Correio braziliense, n. 19857, 04/10/2017. Política, p. 3.

 

O jogo para barrar a denúncia

Bernardo Bittar, Ezequiel Trancoso e Rodolfo Costa

04/10/2017

 

 

PODER EM CRISE » Enquanto deputados discutem a permanência de tucano como relator, Temer se reúne com a base no Planalto em busca de apoio

 

 

Em um dia marcado por reuniões com deputados da base aliada no Planalto, os integrantes da Comissão de Constituição e Justiça (CCJ) da Câmara começaram a analisar e discutir a segunda denúncia contra o presidente da República. Michel Temer buscava o apoio para barrar a acusação da Procuradoria-Geral da República (PGR), mas o colegiado passou a maior parte do tempo debatendo a permanência de Bonifácio de Andrada (PSDB-MG) como relator. Michel Temer e dois de seus ministros são acusados de obstrução da Justiça e participação em organização criminosa.

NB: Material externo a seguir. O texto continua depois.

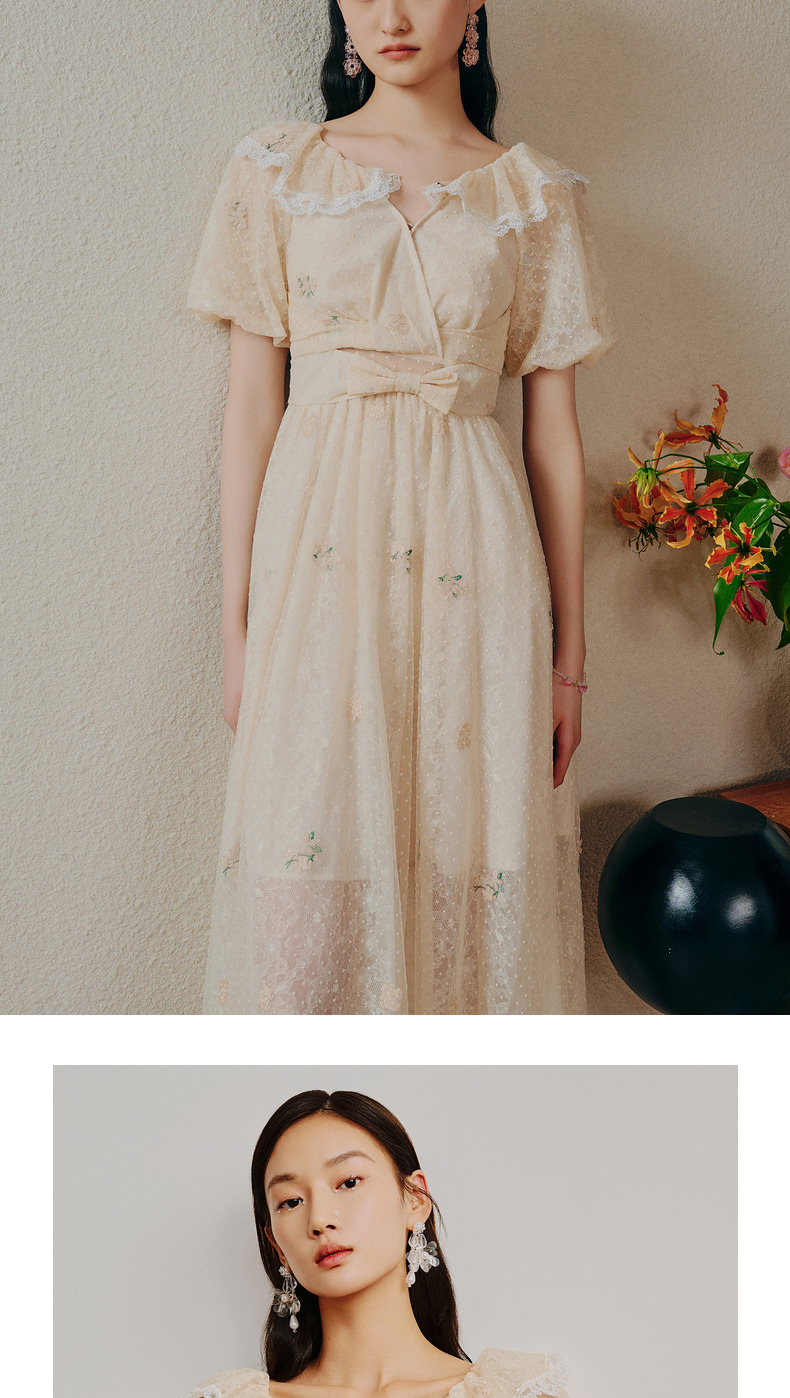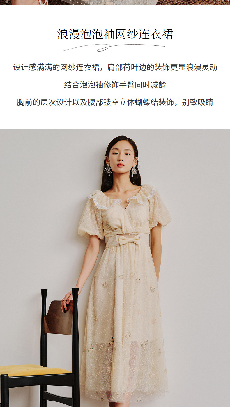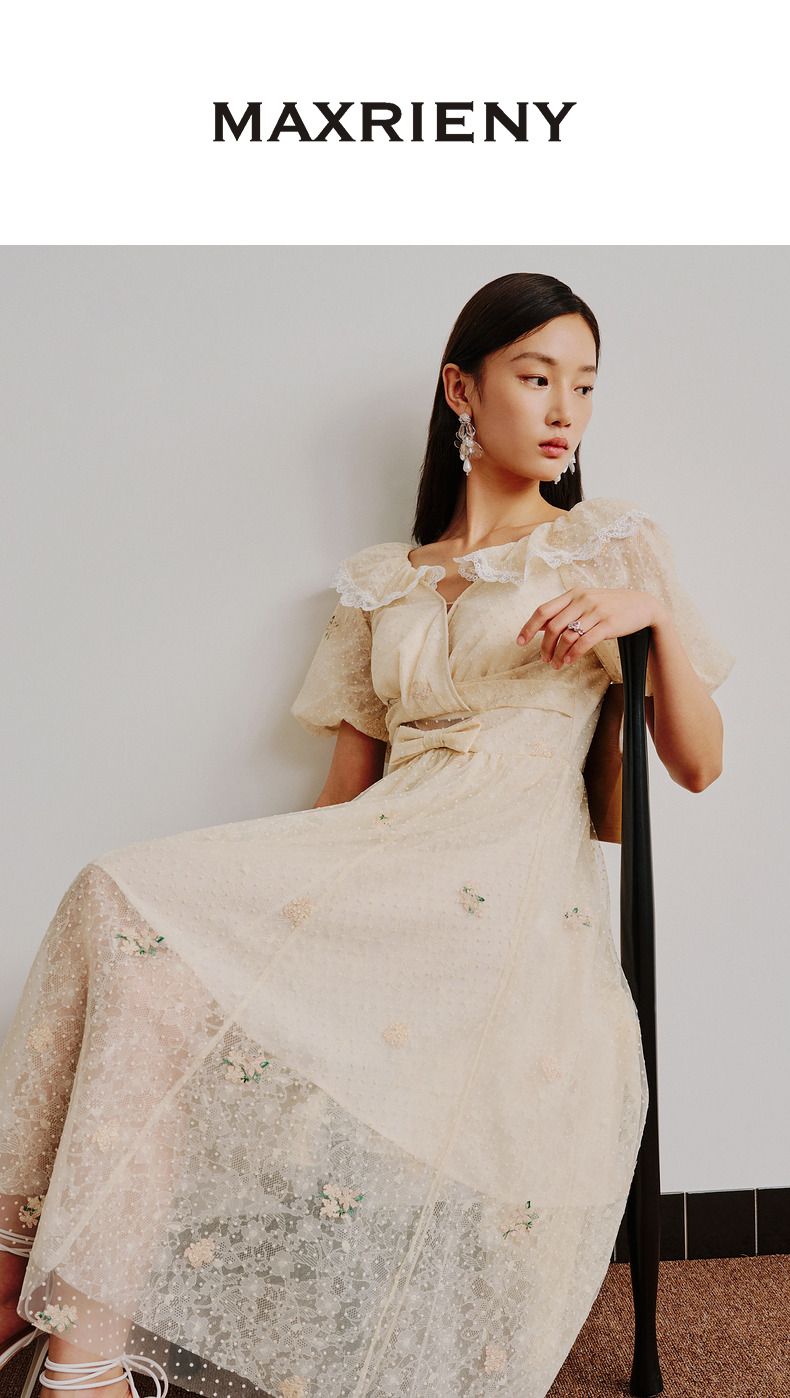 MAXRIENY欧式田园风茶歇裙网纱摆裙法式复古连衣裙(货号:MC88DR274)

Bonifácio de Andrada é criticado por conta de seu posicionamento favorável ao presidente, fato já demonstrado durante a votação da primeira denúncia contra o peemedebista, em agosto. Durante a sessão de ontem, parlamentares tucanos do grupo conhecido como “cabeças pretas” — os mais jovens da legenda — justificaram a oposição à indicação de Andrada para o cargo porque isso, segundo eles, causa “constrangimento” na sigla.

“Todo mundo sabe que o partido está dividido. Qualquer lado que fosse escolhido constrangeria o outro lado”, argumenta o deputado Fábio Sousa (PSDB-GO). “Falta sensibilidade”, acrescenta. O que não faltou entre os opositores foi bom humor. “Vai ser um parecer Jota Quest: Fácil, extremamente Bonifácio”, brinca Silvio Costa (Avante-PE).

O presidente da CCJ, Rodrigo Pacheco (PMDB-MG), defendeu a escolha para a relatoria do parecer, mas alertou que a situação não é definitiva, porque o líder do PSDB na Câmara, Ricardo Trípoli (SP), pode optar pela troca do parlamentar. Pacheco informou que “os líderes têm prerrogativa de substituir os integrantes de seus partidos nas comissões, então pode haver, eventualmente, qualquer substituição”. Ele acredita que a votação da denúncia contra Temer e os ministros Moreira Franco (Secretaria-Geral da Presidência da República) e Eliseu Padilha (Casa Civil) deve ser apreciada na CCJ em 22 e 23 de outubro. Na Câmara dos Deputados, a oposição pretende fatiar a denúncia em três partes, uma para cada autoridade, para “fortalecer” os votos de quem é contrário ao presidente.

 

Encontros

Para enterrar a segunda denúncia, o Planalto precisa evitar que a oposição consiga 342 votos. Se isso ocorrer, a Justiça fica impedida de investigar o presidente. O governo, no entanto, tem um histórico de promessas não cumpridas na Câmara. É que, na primeira vez que ele foi acusado pela PGR, ficou de conceder cargos públicos e liberar emendas parlamentares em troca de apoio, o que ainda não fez em alguns casos.

O líder do PR na Câmara, deputado José Rocha, negou que tenha vinculado o voto na primeira denúncia contra o presidente, mas afirma que ainda tem emenda pendente. “O presidente, de fato, precisa me pagar umas emendas. Note, emendas impositivas, obrigatórias. Isso não tem nada a ver com as acusações e muito menos com compra de voto”, afirma.

A sigla, no entanto, chegou a trocar integrantes da CCJ nesta segunda votação para apoiar o presidente. Procurada pelo Correio, a assessoria do PMDB afirmou que “não existem casos de compra e venda de votos envolvendo o presidente da República”.

Ontem, Michel Temer se encontrou com 50 parlamentares ao longo do dia. O “entra e sai” ocorreu no terceiro andar do Palácio do Planalto. Nas redes sociais, Temer deixou claro que os encontros compõem uma “rotina que sempre manteve”. O diálogo, segundo ele, “é fundamental para a harmonia entre os poderes”.

Citada na lista de presenças divulgada pelo Planalto, a deputada Shéridan (PSDB-RR) declarou em rede social que “não tinha nada para falar com o presidente”, negando ter encontro marcado com Temer. O Planalto enviou nota rebatendo a parlamentar, uma vez que a presença dela estaria confirmada para uma reunião com Temer, às 20h40.